# nce power cab function issue



## alaska railroad (Oct 20, 2015)

Hello, first of all I'm new to the dcc world. I have a 2015 version nce power cab.my question is, when I leave several functions on my power cab lite on the screen, and unplug the power cab. And plug it back in. Some of The functions are still lite on the screen. When I press a function, on the power cab, some of the other lite functions ( sounds, light ) come on, on the locomotive at the same time also.Is this normal or is my cab defective ? Any help would be great. Thank you.


----------



## Brakeman Jake (Mar 8, 2009)

That I know of,NCE components are of good quality but even the best products may fail,thus the warranties.Your descriptions definitely point to your control being defective.


----------



## Cycleops (Dec 6, 2014)

I have a PowerCab same vintage as yours.
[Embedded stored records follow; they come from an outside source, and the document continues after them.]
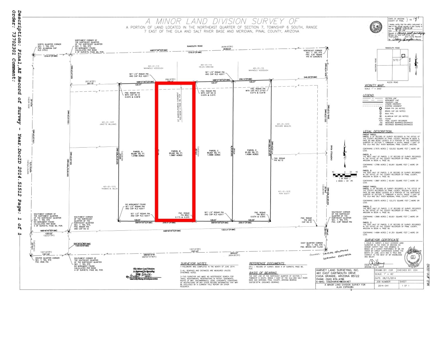 Legal Description: The East half of Parcel 2 of Record of Survey recorded in Book 9 of Surveys, page 40, also depicted as Parcel B of a Minor Land Division Survey recorded in Fee No. 2014-051512, records of Pinal County, Arizona
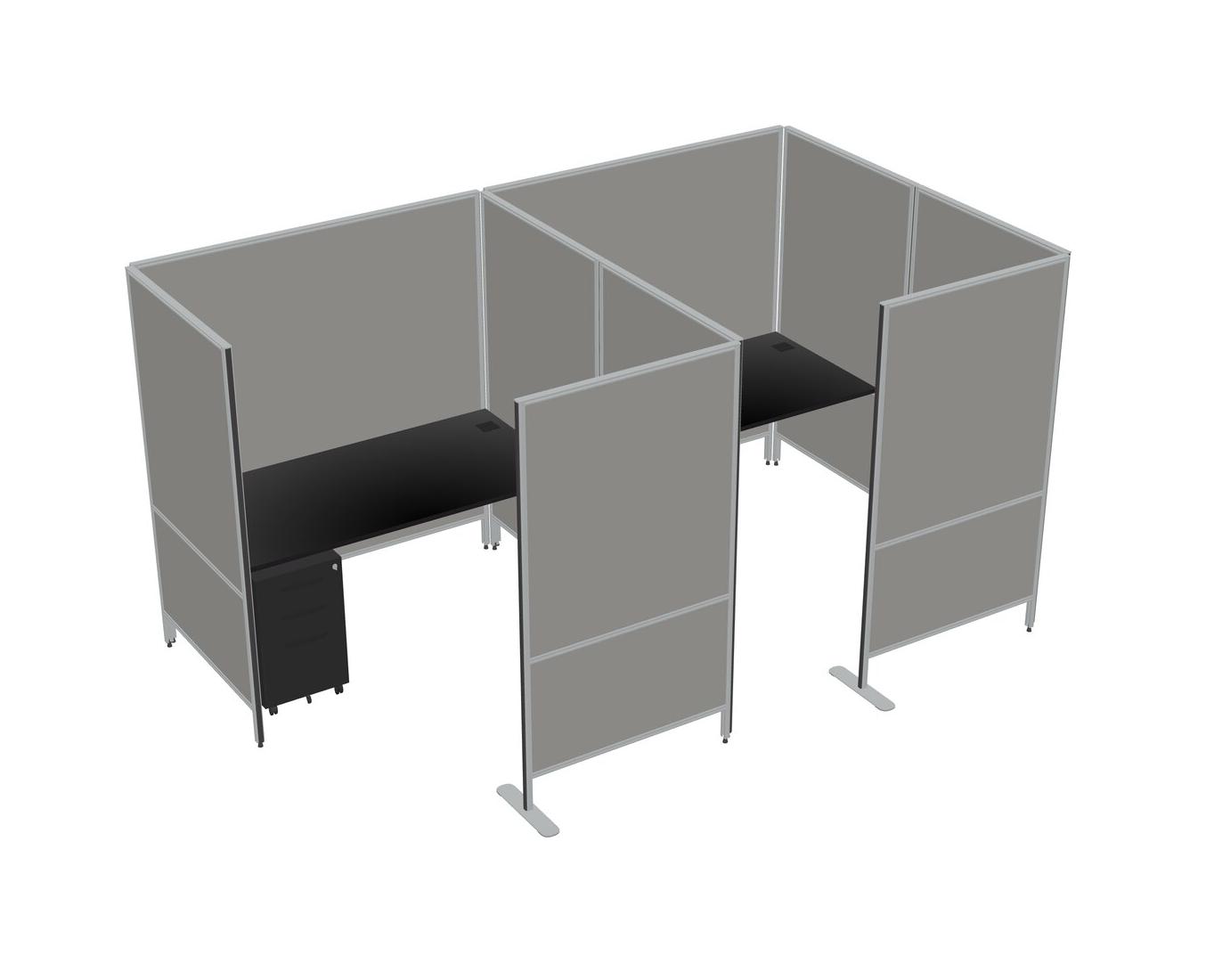 Black Flexible Panel System With Privacy For 2 + Metal Mobile Drawers
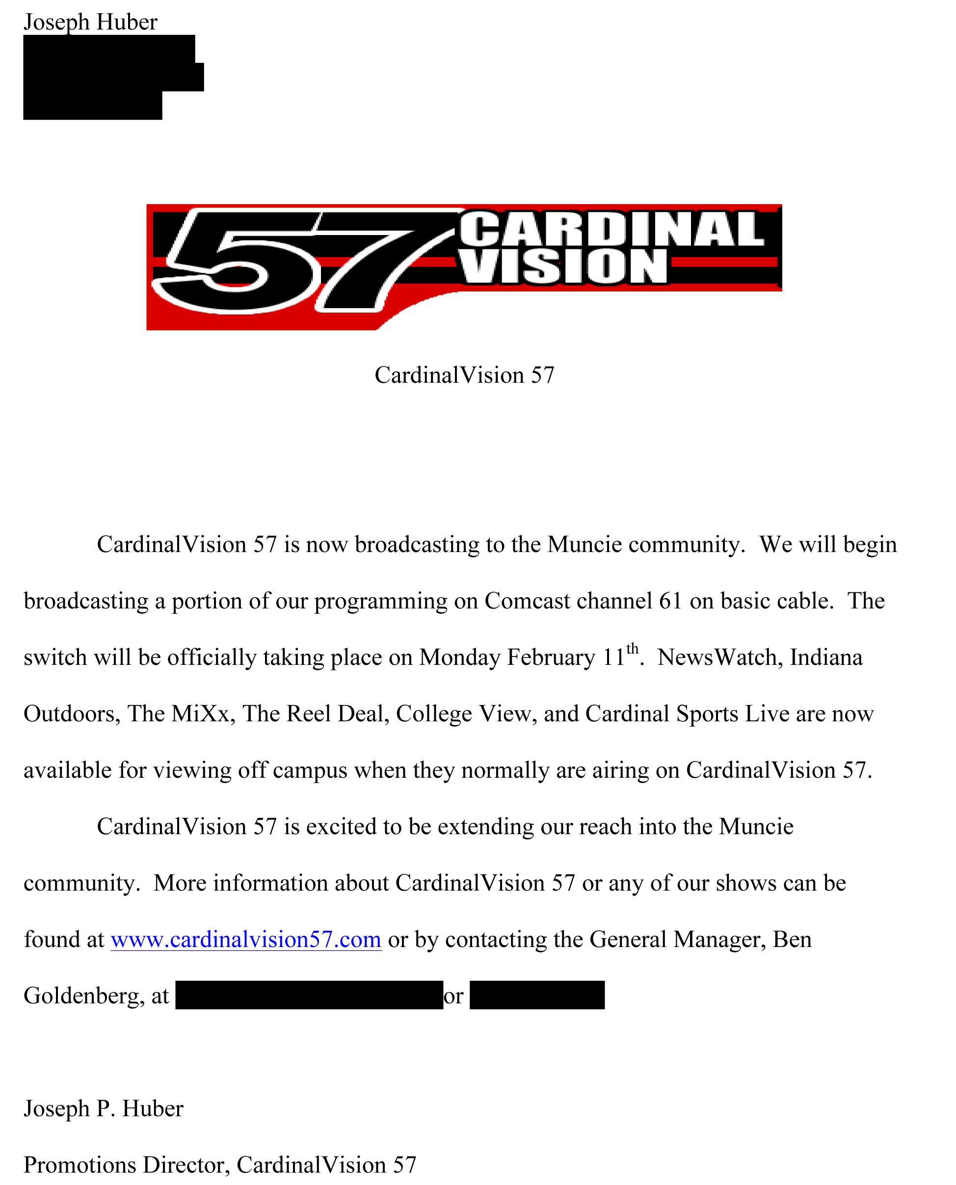 The CardinalVision station underwent some serious changes. Before the logo redo and rebranding of the station was complete, our station manager was able to have the station broadcast beyond Ball State’s campus limits.
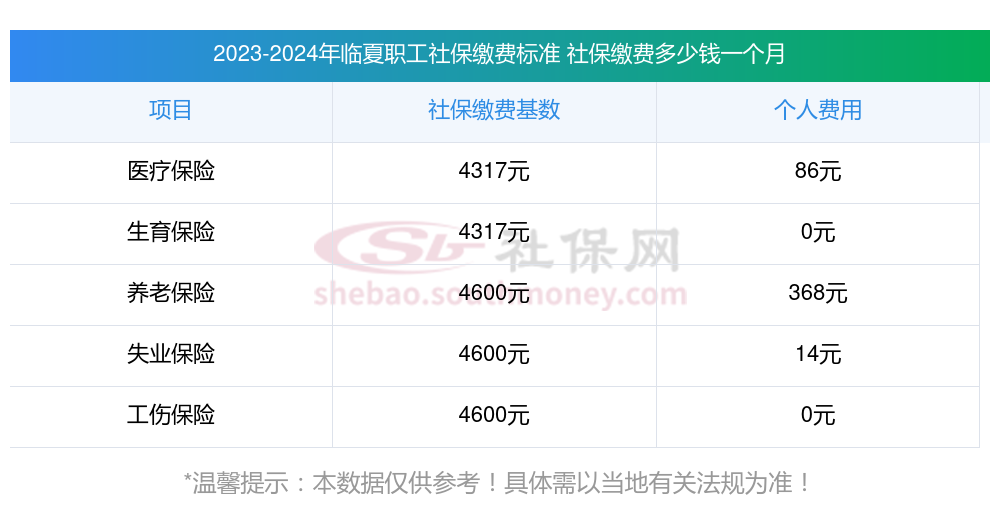 2025年临夏社保缴费价格标准是多少,2025年临夏社保缴费多少钱?下表是2025年临夏社保费用明细参考,新社通app-社保缴费查询工具提供的最新数据如下:
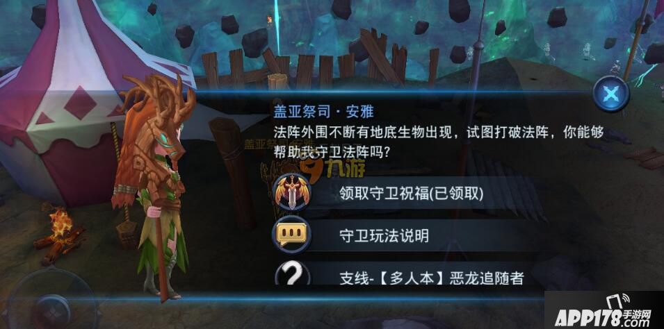 首先,我们进入盖亚通道,找到盖亚祭司•安雅,领取守卫祝福,领取祝福之后在守卫过程中可以获得更多奖励; 每天只能领取一次守卫祝福,领取完祝福之后就可以进入盖亚通道深处,寻找“盖亚守卫”,与他们进行战斗了。
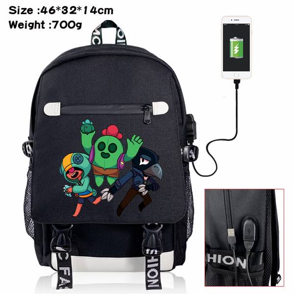 荒野乱斗-15A 黑色 彩印数据线双肩背包
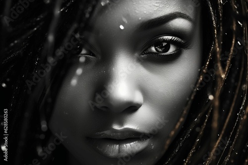 AI generated illustration of a close-up portrait of a young African woman with dreadlocks
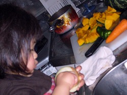お手伝いの押し売り。 でも上手に剥けているのは確か。
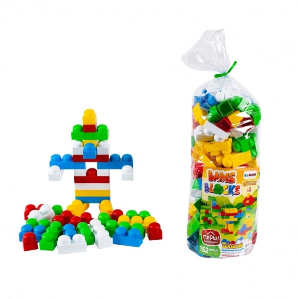 60 деталей, Розмір деталей: 1 кнопка – 3*3,5*3см: 2 кнопки – 6*3,5*3 см; 3 кнопки – 9*3,5*3 см, виниловый тубус гигант
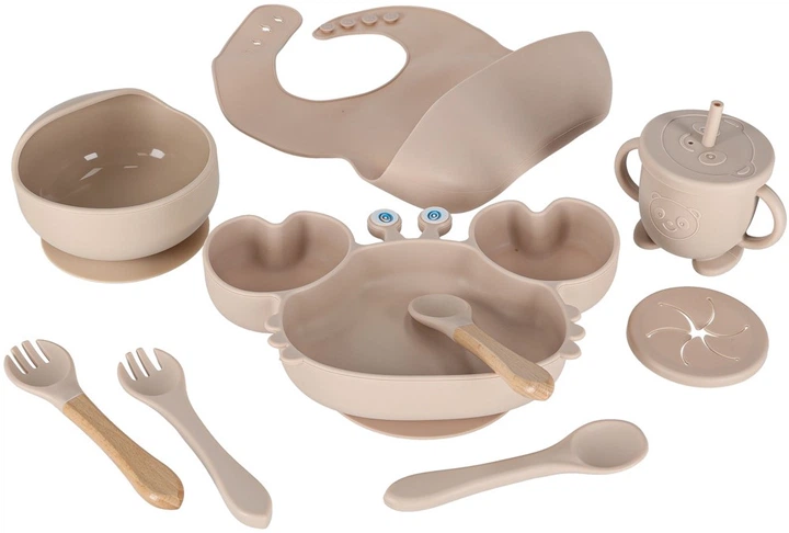Набір посуду для дітей Kik силіконовий краб бежевий 9 шт (5903039767973)
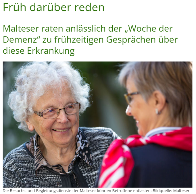Malteser raten anlässlich der „Woche der Demenz“ zu frühzeitigen Gesprächen über diese Erkrankung
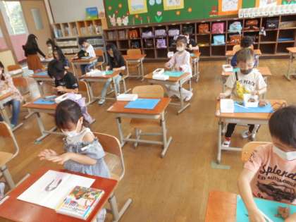 1年生は今週の中間休みは教室で過ごしています。粘土あそびをしたり,お絵かきをしたり,読書をしたり,おしゃべりしたりして過ごしています。
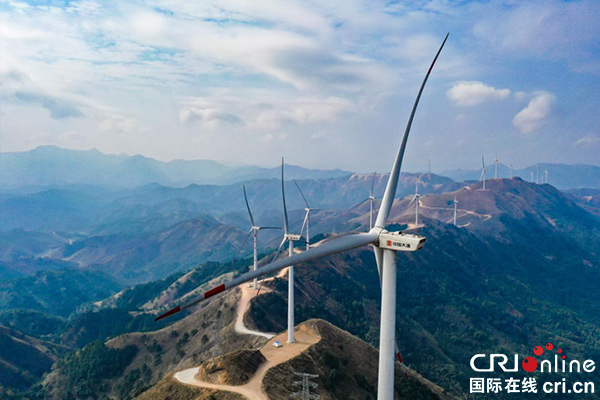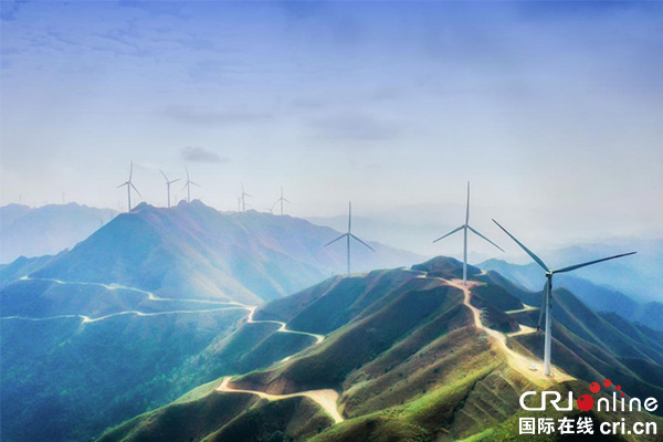 國際在線廣西頻道消息:在中國大唐馬王風力發(fā)電場,百米高的風電機佇立在馬王山的山頂,排列錯落有致。蜿蜒的山路把每個風電機連接起來,在航拍視角下,整個風電場宛如一條中國龍盤踞在馬王山,顯得雄偉壯觀。
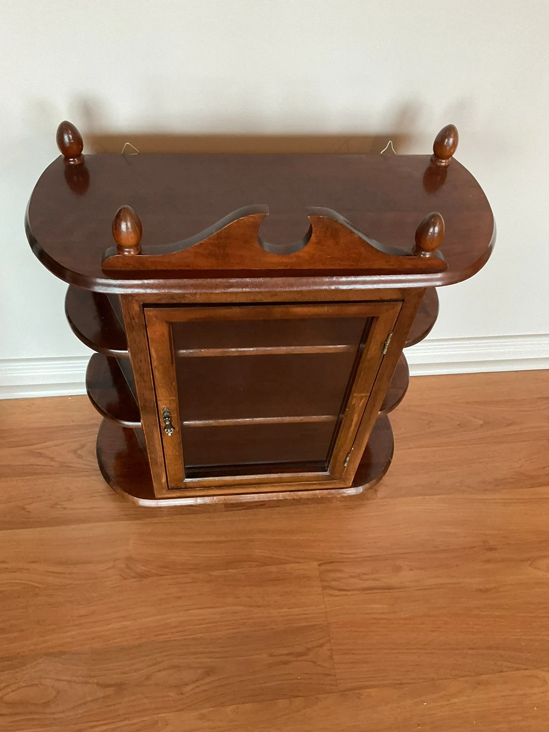 This wooden display cabinet features a glass door and multiple shelves for showcasing collectibles or decor. It's a classic piece with a rich wood finish. It has a decorative top and sides with curio shelves.
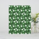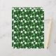 Een witte shamrock print op een donkergroene achtergrond.
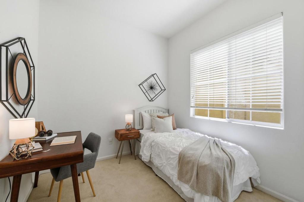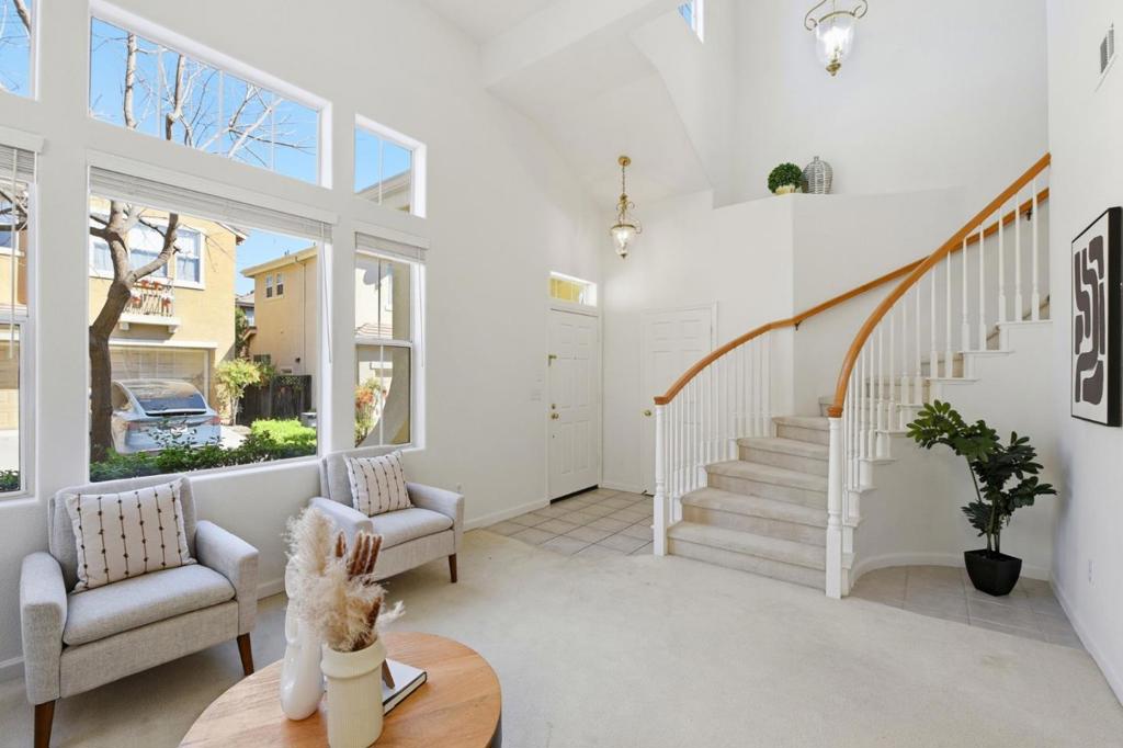 Welcome to this spacious 4-bedroom, 3-bath single-family home in the highly desirable Whisman Station community. Featuring soaring ceilings, oversized dual-pane windows, and a light-filled open floorplan, this home offers an inviting layout with great everyday functionality. The main living areas flow seamlessly, with the kitchen opening to the family room with fireplace and direct access to the backyard. A highly sought-after feature is the bedroom and full bathroom on the ground floor, ideal for guests, extended family, in-law quarters, or a private home office. Upstairs, the primary suite offers a comfortable retreat with a large en-suite bath, dual-sink vanity, soaking tub, separate shower, and walk-in closet. Recent exterior improvements include fresh exterior paint, a replaced garage door, and a new garage door opener. The home presents a wonderful opportunity for buyers to add their own personal touches and make it their own. HOA dues of $257/month include access to the clubhouse, pool, spa, and playground. Prime location near parks, Castro Street dining, Caltrain, VTA, and major tech campuses including Google, LinkedIn, and Microsoft. Conveniently located near Magnolia Park and Vargas Elementary, with easy bike access to transit.
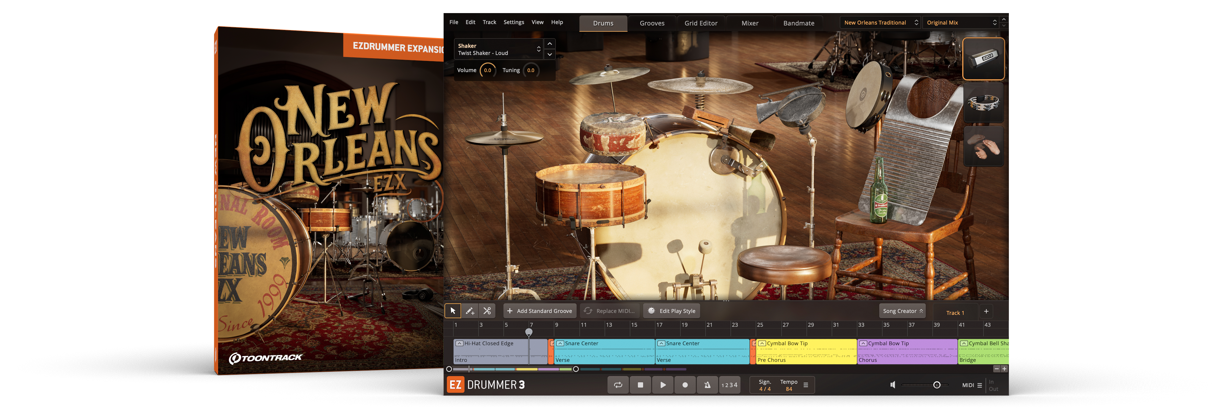 本製品はニューオーリンズで最も著名なドラマーの一人である Terence Higgins(Dr. John、Allen Toussaint、Dirty Dozen Brass Band)によって演奏・サンプリングされ、マルチアワード受賞エンジニア/プロデューサー/ミキサーである Misha Kachkachishvili によって、彼の Esplanade Studios で収録されました。
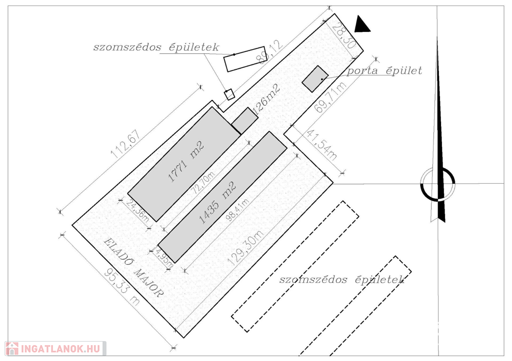 - gazdasági épületek: 1435 m2, 1771 m2,

You say the sounds and lights come on when you plug in the unit having activated them in a previous session, if I'm understanding you correctly. This may have as much to do with the decoder as the cab. I have Tsunamis in all my locos and they can be programmed to initiate the sound either when the engine is put on the track, even when the loco is not selected, or only after throttle is applied. As for lights I have found when contact with the track is lost I need to activate the light function again even if it's active on the cab display. I use Lenz, Digitrax, and NCE decoders. I wouldn't think it's defective. I suggest you email or call them to allay your fears.


----------



## alaska railroad (Oct 20, 2015)

Ok,thanks for all your help.


----------